Note that this pattern is a single term which is the product of two parts. The “a monomial” part will be identified here, in the process determining what the "whatever else” part is.

We start by selecting any of the three terms to guide the process – it doesn’t matter which term you choose, though there may be a slight savings in work if a simpler-looking term is used. So, we decide to base this analysis on the parts of the first term, the 25x ⁴y ³zw ².

Next, identify all of the simple factors of the selected term, including prime factors in the numerical coefficient. The term we have chosen to work from has simple factors 5, x, y, z and w.

(Note that if we had chosen to key our analysis to the third term, the 30x ²y ³zw, our list of simple factors would be 2, 3, 5, x, y, z, w – slightly longer. Don’t spend a lot of time making your selection here.)

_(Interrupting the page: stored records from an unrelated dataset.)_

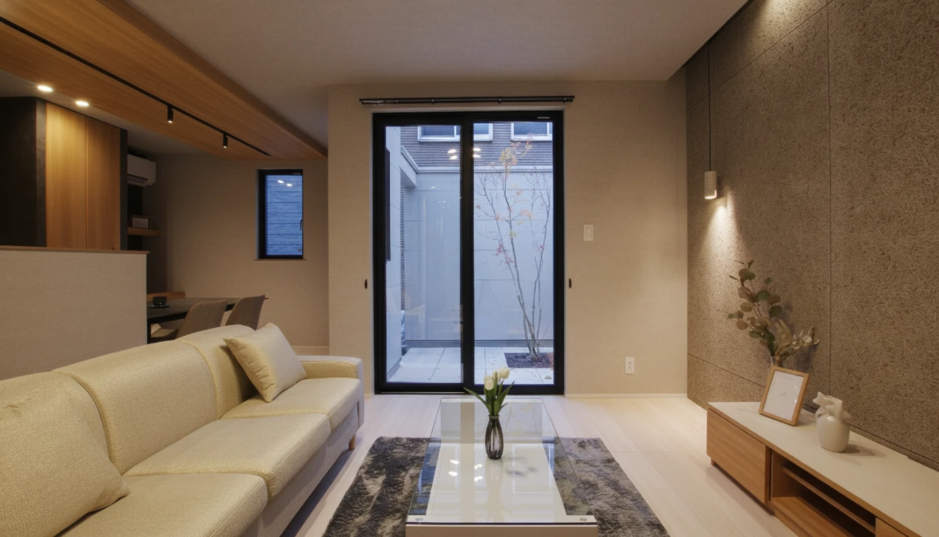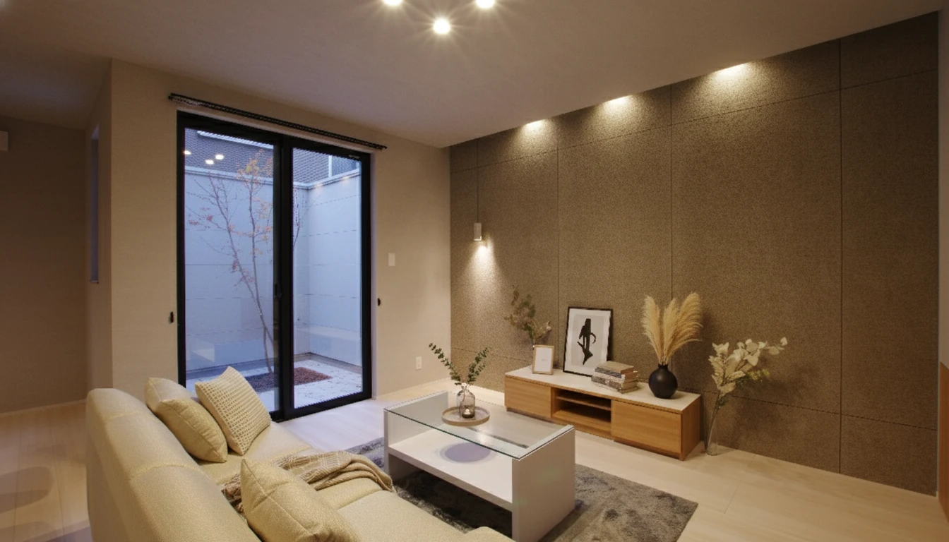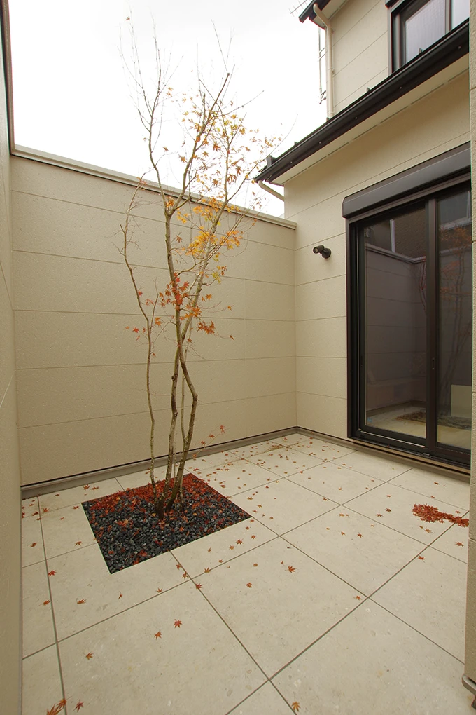 リビングの延長に設けたプライベートコート(中庭)は、外からの視線を気にせずにお子様の遊び場やBBQなどに活用できます。
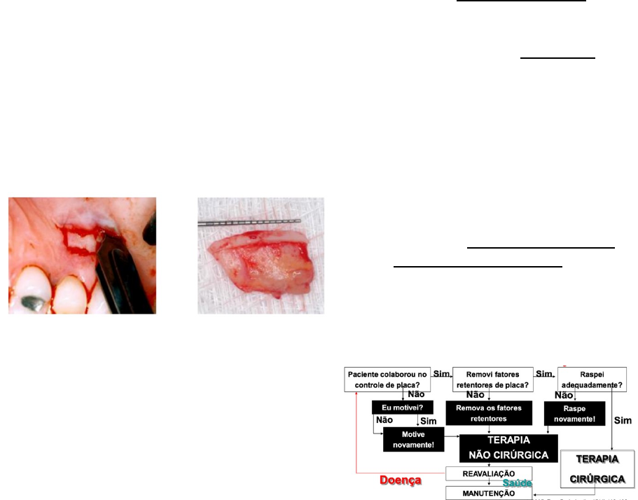 Tipos de retalho O que é retalho periodontal? · É uma secção do tecido periodontal no qual há separação dos tecidos adjacentes, mas o mesmo se mantem conectado em sua base por um pedículo · Enxerto não é retalho, para ser retalho a base precisa estar inserida em sua origem *Isso NÃO é um retalho Requisitos básicos das cirurgias à retalho · O retalho deve ser grande o suficiente para expor qualquer defeito ósseo subjacente ou mobilizar a extensão de tecido desejada · A base do retalho (quando houver incisão relaxantes) deve ser ampla o bastante para manter um suprimento sanguíneo adequado (a base do retalho deve ser sempre maior ou do tamanho da incisão coronária) · As incisões devem permitir o movimento do retalho sem tensão (quando houver incisão relaxante) ou ser extenso suficiente para que haja mobilização adequada (sem incisão relaxante) · Nenhum vaso ou nervo importante deve ser danificado, ao se levantar o retalho Quando realizar cirurgia periodontal à retalho? · Pacientes com saúde sistêmica · Quando necessário, solicitar exames sistêmicos · Diabéticos somente controlados · Pacientes fumantes: não estão contra-indicadas as cirurgias periodontais, mas deve-se sempre avaliar o risco e benefício · Pacientes com saúde periodontal restabelecida, que estejam aptos a manter níveis adequados de biofilme · Em sítios com doença periodontal persistente apenas após realização das terapias inicial e básica (quando não houver remissão completa da DP) Tomada de decisão na reavaliação Objetivos das cirurgias periodontais à retalho · Eliminação de bolsas periodontais (historicamente) · Acesso as bolsas periodontais profundas · Reanatomização óssea, do periodonto de proteção e de inserção e de defeitos de furca · Facilitar controle de biofilme · Restabelecimento de espaço biológico · Regeneração periodontal · Estética · Criação do tecido ceratinizado Indicações das cirurgias periodontais · Pacientes com bom compliance (adesão ao tratamento) · Após o termino da TI e TB periodontal · Reanatomização gengival e óssea · Correção de defeitos de furca (melhora o acesso para higienização) · Correção de defeitos mucogengivais · Acesso a defeitos periodontais não-responsivos à TI e TB · Necessidade estética (sempre demandada pelo paciente) · Invasão de espaço biológico Contraindicações gerais em todas as cirurgias · Pacientes com comprometimentos sistêmicos · Pacientes que usam drogas imunossupressoras ou anticoagulantes · Pacientes que estejam fazendo radio ou quimioterapia · Pacientes com suspeita de dengue ou COVID · Primeiro e terceiro trimestre de gestação (Avaliar) Contraindicações específicas das cirurgias periodontais · Quando a TI e TB forem suficientes para controle de infecção · Quando o paciente não tiver estética como queixa · Pacientes que não controlem adequadamente biofilme (paciente fica com lesão) · Infecções agudas (todos os pacientes precisam estar tratados do ponto de vista infeccioso para depois planejar) O que é necessário para se realizar cirurgia periodontal? · Fazer um correto diagnostico periodontal (anamnese + exame clínico + Rx complementar) · Exame clinico periodontal (IG, IP, NIC, REC, PS) · Rx complementar · Periapical: para visualização de toda extensão do periodonto de inserção e periápice · Interproximal: para visualização da altura da crista óssea, distância de crista para a JCE, restauração, fratura... Quando realizar cirurgia periodontal? · Cirurgia periodontal para auxilio à raspagem: · Após a realização da TI e TB e houver persistência doença periodontal em alguns sítios · Paciente está adequado e controla bem o biofilme · Cirurgia periodontal ressectivas de raiz ou osso · Quando houver necessidade de reanatomização de raízes ou defeitos osseos após TI e TB (paciente deve estar bem controlado) · Cirurgia mucogengival estética e corretivas: somente quando houver saúde periodontal e bom controle de biofilme Passos básicos de todas cirurgias 1. Incisão (seria onde inserir a lamina de bisturi) e a delimitação da extensão (caso tenha incisões relaxantes) 2. Confecção do retalho quanto à espessura 3. Posicionamento final do retalho 4. Sutura Tipos de incisão · Incisão intra-sulcular Porção terminal da ponta ativa da lâmina voltada para o interior do sulco ou bolsa periodontal, tocando o osso alveolar A lâmina penetra o sulco/bolsa, seguindo paralela ao longo eixo do dente preservando o tecido gengival Quando realizar? preservação de altura do tecido gengival retalho parcial acesso cirúrgico para raspagem (acesso osso e raiz) segundo passo da gengivectomia de bisel interno para remoção do colarinho gengival · Incisão em bisel interno A lâmina penetra em uma angulação com relação a superfície dental e encostando na superfície dental ou alveolar. Uma faixa de tecido gengival é delimitada para ser removida O bisel no tecido gengival fica voltado para a superfície dentaria. Quanto maior o ângulo com relação à superfície dental, maior a faixa (altura) de tecido removido Quando realizar? O bisel interno pode ser realizado quando há necessidade de remoção em altura de tecido gengival, não há possibilidade de ser associado à cirurgia de retalho total. Não há acesso a osso ou raiz Tipos de retalho quanto à espessura Retalho total ou mucoperiósteo · Retalho total ou mucoperiosteal ou mucoperiósteo retalho mucoso que pode englobar somente gengiva ou gengiva e mucosa alveolar. Sempre engloba a elevação (deflecção) do periósteo Objetivos do retalho total · Exposição radicular · Exposição do osso alveolar Quando realizar? · Sempre que houver necessidade de acesso ao osso e à raiz Técnica cirúrgica · Incisão bisel interno ou intra-sulcular · Elevação de toda espessura do retalho, incluindo o periósteo, deixando osso e raiz expostos · Pode haver ou
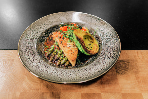 Talerz z kolorowej kamionki, z nieregularnymi krawędziami. Unikalny dzięki specjalnemu szkliwieniu. Każde naczynie jest niepowtarzalne. Kolory mogą się różnić tonami od jasnych do ciemnych. Można myć w zmywarce i używać w kuchence mikrofalowej

Now, go through the list of these simple factors in your key term one at a time, and determine the highest power to which each of them occurs in all (three, in this case) terms of the entire expression. This highest power will then be a common monomial factor of the entire expression. (Of course, if an item in this list doesn’t occur at all in one of the terms, then this highest power will be the zero power – that item is not a common factor of all of the terms in the expression.)

So, for our example, we have five items in the list of potential common monomial factors to check.

(i) 5:

25x ⁴y ³zw ² contains 5 ²

150x ³y ³zr ⁴ contains 5 ²

30x ²y ³zw contains 5 ¹

The highest power of 5 common to all three terms (which is actually the lowest power that occurs in this list) is 5 ¹ = 5. Thus, 5 is a common factor of all three terms.

(ii) x:

25x ⁴y ³zw ² contains x ⁴

150x ³y ³zr ⁴ contains x ³

30x ²y ³zw contains x ²

Thus, the highest power of x common to all three terms is x ², and so x ² is a common monomial factor of the entire expression.

(iii) y:

25x ⁴y ³zw ² contains y ³

150x ³y ³zr ⁴ contains y ³

30x ²y ³zw containsy ³

Thus, the highest power of y common to all three terms is y ³, and so y ³ is a common monomial factor of the entire expression.

(iv) z:

25x ⁴y ³zw ² contains z ¹

150x ³y ³zr ⁴ contains z ¹

30x ²y ³zw contains z ¹

Thus, the highest power of z common to all three terms is z ¹ = z, and so z is a common monomial factor of the entire expression.

(v) w:

25x ⁴y ³zw ² contains w ²

150x ³y ³zr ⁴ does not contain w (or contains w ⁰)

30x ²y ³zw contains w ¹

Thus the highest power of w common to all three terms is w ⁰ = 1. This is the same thing as saying that there is no power of w common to all three terms, and so there is no power of w which is a common monomial factor of all three terms.

So, the common monomial factors of the entire three-term expression have been identified as 5, x ², y ³, and z. Our strategy has guaranteed that the product of these, 5x ²y ³z makes up the greatest monomial factor common to all three terms. Thus, going back to the template of our original goal, we can now write that

25x ⁴y ³zw ² + 150x ³y ³zr ⁴ + 30x ²y ³zw = (5x ²y ³z)( whatever else)

All that needs determining yet is the form of the “ whatever else” part. This we do in the same way as was done in the previous examples. Identify what is left of each term after the common monomial factor is removed. For the first term,

25x ⁴y ³zw ² = 5 2x ⁴y 3zw ² = (5x ²y ³z)(5x ²w ²)

since to get 25x ⁴y ³zw ² = 5 2x ⁴y ³zw ² from 5x ²y ³z, we need an additional factor of 5 (to make the 5 ²), an additional factor of x 2 (to make the x 4), and an additional factor of w ² (to make the w ²). Multiplying the two factors in brackets on the right above is seen to regenerate the original term on the left.

Now, repeat this process with each of the remaining two terms:

150x ³y ³zr ⁴ = 2 · 3 · 5 ² x ³y ³zr ⁴ = (5x ²y ³z)(2 · 3 · 5xr ⁴) = (5x ²y ³z)(30xr ⁴)

and

30x ²y ³zw = 2 · 3 · 5x ²y ³zw = (5x ²y ³z)(2 · 3w) = (5x ²y ³z)(6w)

So, 25x ⁴y ³zw ² + 150x ³y ³zr ⁴ + 30x ²y ³zw = (5x ²y ³z)(5x ²w ² + 30xr ⁴ + 6w)

This completes the operation of identifying the common monomial factors in the original expression. You should verify that multiplying to remove the brackets on the right-hand side of this result gives precisely the expression on the left-hand side, confirming that the two forms are mathematically equivalent.